We shall have no liability to You under this agreement if we are prevented from or delayed in performing Our obligations under this agreement, or from carrying on Our business, by acts, events, omissions or accidents beyond Our reasonable control, including, without limitation, strikes, lock-outs or other industrial disputes (whether involving Our workforce or any other party), failure of a utility service or transport or telecommunications network, act of God, war, riot, civil commotion, malicious damage, compliance with any law or governmental order, rule, regulation or direction, accident, breakdown of plant or machinery, fire, flood, storm or default of suppliers or sub-contractors, provided that You are notified of such an event and its expected duration.

15. 

Miscellaneous

15.1 

If any provision of this agreement is found to be unenforceable or invalid, that provision will be limited or eliminated to the minimum extent necessary so that this agreement will otherwise remain in full force, effect and enforceable.

15.2 

This agreement is not assignable, transferable or sub licensable by You except with Our prior written consent.
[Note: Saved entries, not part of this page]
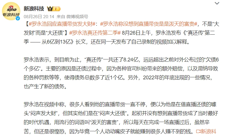 今年8月,罗永浩宣布自己已经结束了第一回合的“真还传”,接下来还有6亿元左右国有资本债款要继续偿还,未来仍会“将通过录制综艺节目、接广告和代言、请文化名流和影视明星来直播间交流和带货等方式,继续还债。”这或许也是罗永浩近期直播频率有所提升的原因之一。
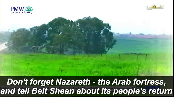 This song, recently broadcast to Palestinians on one of the PA’s official TV channels, presents a world without Israel in which the cities and places in Israel are said to be in “Palestine.” For emphasis, the words “they are ours,” are applied to the Israeli cities Tel Aviv, Be’er Sheva, Beit Shean, Tiberias, and Ramle, to guarantee no one misses the point that “Palestine” encompasses the entire State of Israel.
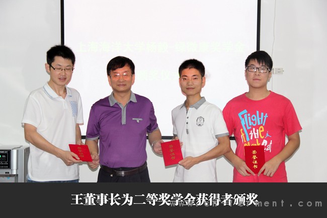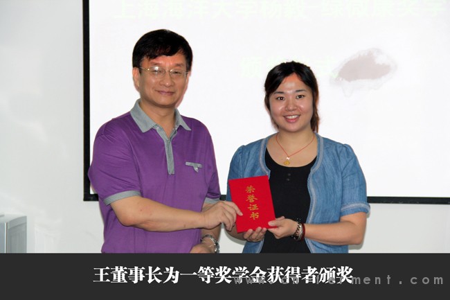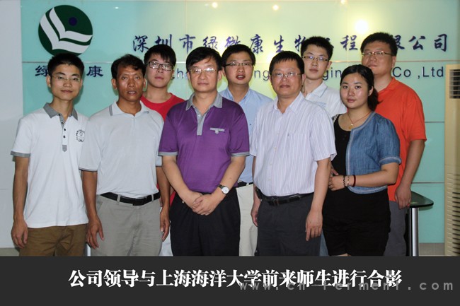 2012年7月26日上午9:30,上海海洋大学水产与生命学院张登沥书记带队,与上海海洋大学“绿微康~杨毅奖学金”获得者一行8人来到深圳市绿微康生物工程有限公司参观交流,公司董事长王剑英、副总经理张清辉和部分管理人员参加了座谈会,并为公司设立的上海海洋大学“绿微康~杨毅奖学金”获得者颁发获奖证书和奖学金。
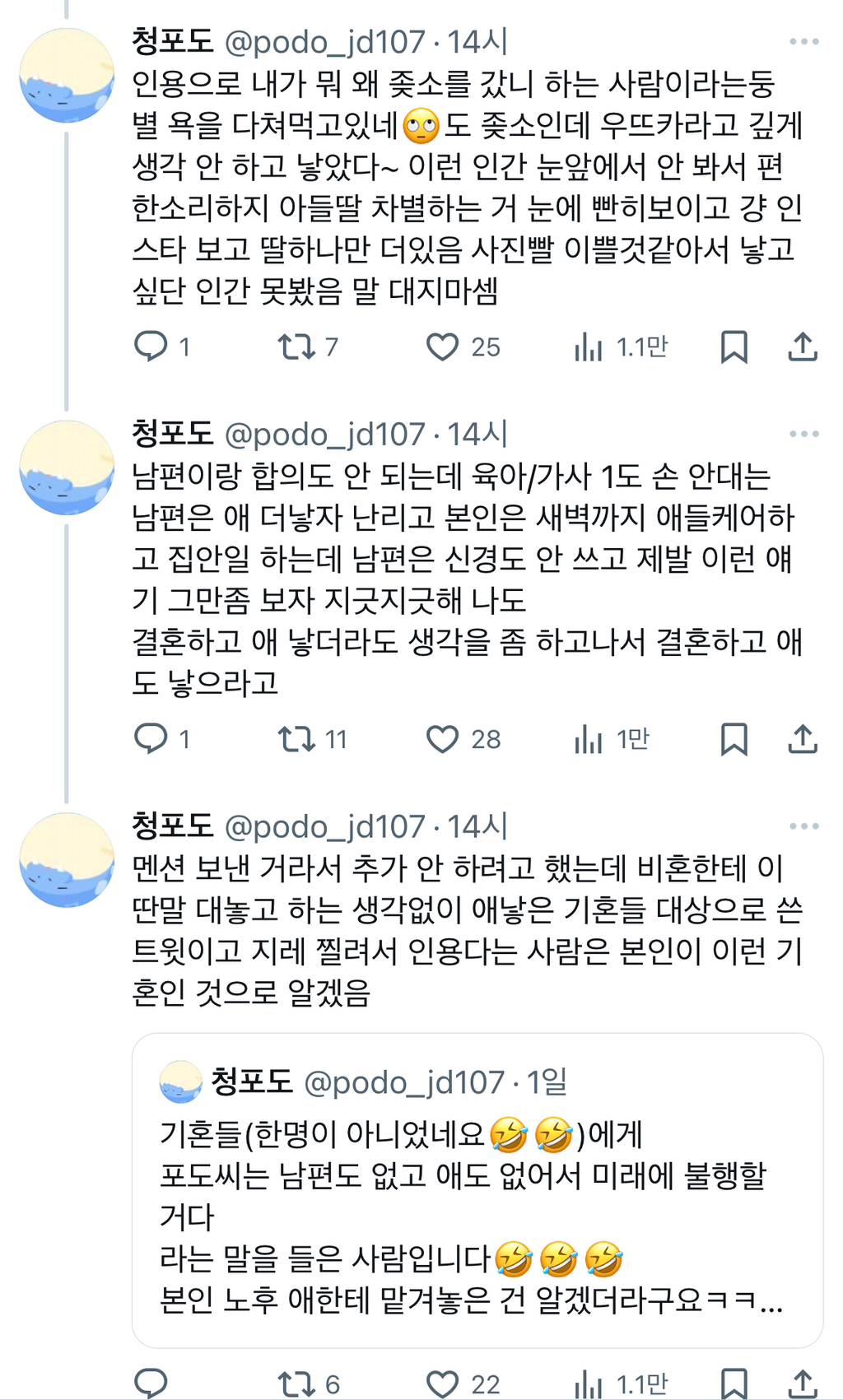 아니 결혼, 육아를 점심식사 고르는 것 보다도 심각하지 않게 여기고 아무렇게나 선택했다면 욕 먹을 만 하다고 보는데...? 차라리 저런 말을 안 하는 게 나음 ㅋ -
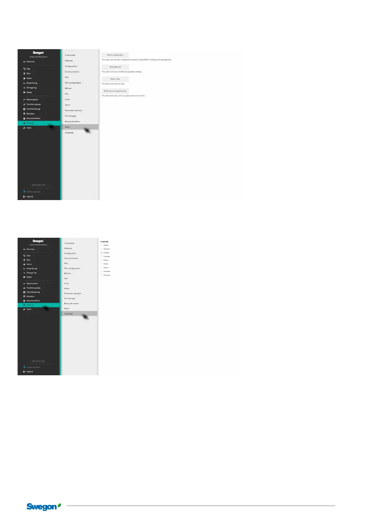Set the language required for the SuperWISE interface. Available languages are Swedish, Danish, German, English, French, Norwe-
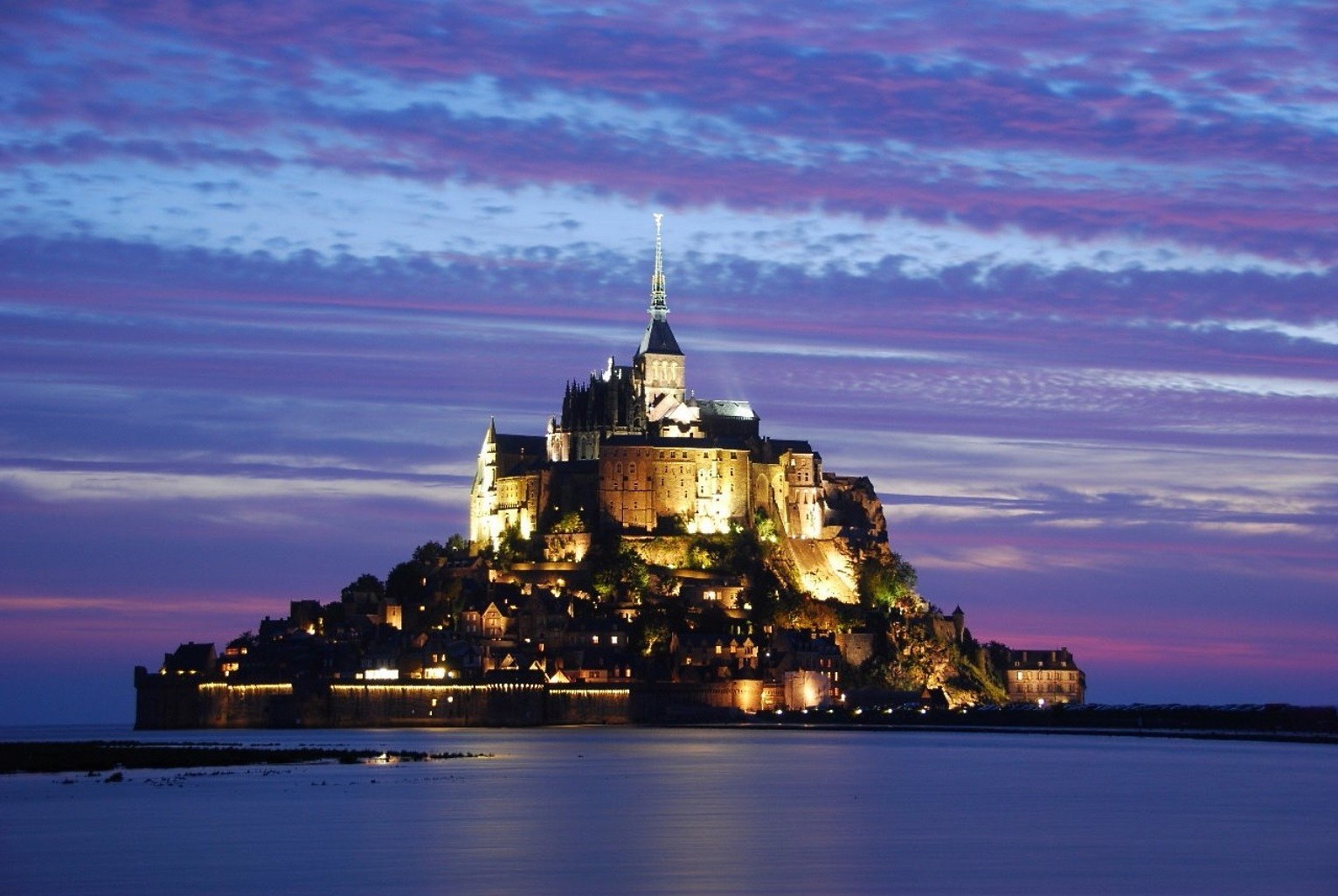 ZAMEK O ŚWICIE WŚRÓD POWIERZCHNI WODY
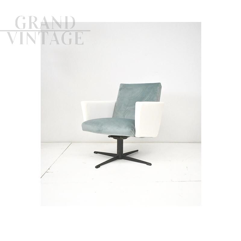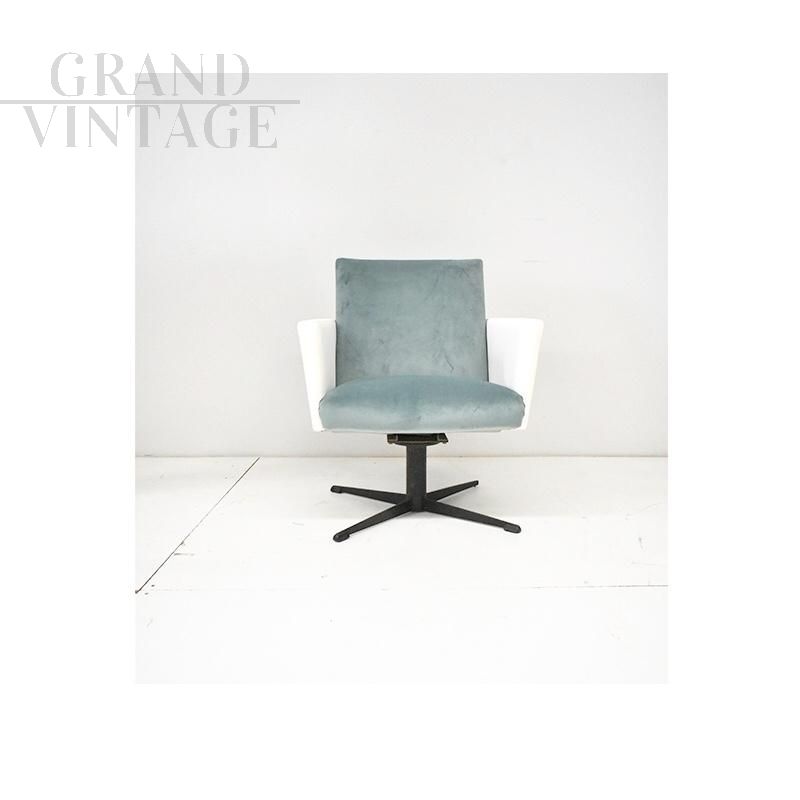 Poltrona girevole vintage anni Sessanta, manifattura Italiana. La poltrona presenta una struttura in ferro nero, con braccioli in similpelle bianca e seduta e schienale in velluto acquamarina.

This agreement, together with any Order, SOW’s and any Annexes, which are incorporated and included into this agreement, constitutes the entire agreement between the parties and supersedes any and all prior agreements or communications with regard to the subject matter hereof. In the event of a conflict between terms of this agreement and an Order, the terms of the Order shall prevail.

15.3 

No agency, partnership, joint venture, or employment is created as a result of this agreement and You do not have any authority of any kind to bind Us in any respect whatsoever. In any action or proceeding to enforce rights under this agreement, the prevailing party will be entitled to recover costs and legal fees.

15.4 

All notices under this agreement will be in writing and will be deemed to have been duly given when received, if personally delivered; when receipt is electronically confirmed, if transmitted by facsimile or e-mail; the day after it is sent, if sent for next day delivery by recognized overnight delivery service; and upon receipt, if sent by certified or registered mail, return receipt requested, and sent to the address specified herein.

15.5 

This agreement, any dispute or claim shall be governed by the laws of England and Wales, without regard to its conflict of law’s provisions and the parties agree to that the courts of England and Wales shall have exclusive jurisdiction to adjudicate any dispute arising out of or relating to this agreement.

15.6 

The parties shall work together in good faith to issue at least one mutually agreed upon press release within ninety (90) days of the Effective Date, and You agree to reasonably cooperate with Us to serve as a reference account upon request. We agree that use of the Your logo shall be subject to Your written consent and in accordance with Your logo use guidelines as provided to Us.

15.7 

The Services, any other technology and derivatives thereof may be subject to export laws and regulations of the United Kingdom and other jurisdictions. You shall not permit access or use of any of the Services in an embargoed country or in breach of any UK export law or regulation.